Solar vs natural gas what do you think?

I believe we should have started this program 20 years ago ... however, our current design is a failure, we have to admit we made terrible mistakes and start literally from scratch on our basic design ... I had to look up LFTR and absolutely we need to abandon water as the primary coolant ... molten salt doesn't vaporize and blow up the reaction vessel ... and important safety feature ... if we can get thorium to work, and it looks like we can, we have the added safety feature of producing our fissionable material "on demand" ...
Okay, I've taken you off ignore (and only you so far) because I respect your brain. Well said.
and I'm guessing here that if we can incorporate this into a "breeder" design, we mostly eliminate the waste product issues ...
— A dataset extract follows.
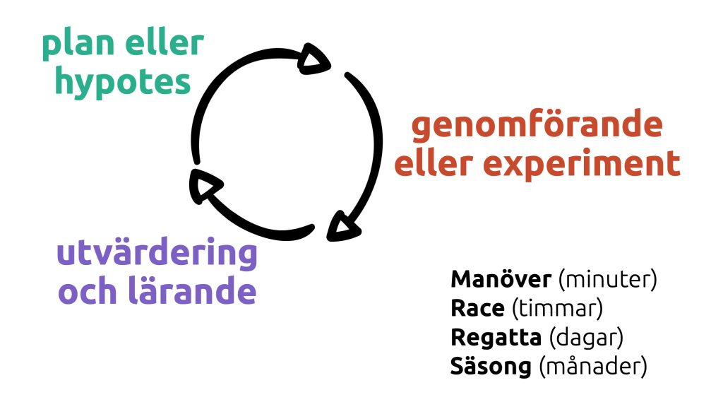 Vi har också gjort det till en grej att ta tid på olika manövrar och moment, och att experimentera ganska mycket. Skapar samsyn ombord och uppmuntrar lärande.

No. Breeders are bullshit for bomb making. We don't want to go there. We don't need to produce more plutonium. Get rid of what we have already? Great!
 
No. Breeders are bullshit for bomb making. We don't want to go there. We don't need to produce more plutonium. Get rid of what we have already? Great!

I'm speaking of commercial breeder reactors ... where the fissionable by-products are themselves fissioned ... more energy, less hazardous waste ... just more expensive to build ...
 
One downside of gas is that it is a finite resource.
Not really. The universe is full of it. The Sun's C-N-O cycle replenishes the Earth's atmosphere with nitrogen, oxygen, and carbon, which is aggressively captured into plant matter by green growth. Vegetation decomposes into peat, coal, petroleum, and natural gas.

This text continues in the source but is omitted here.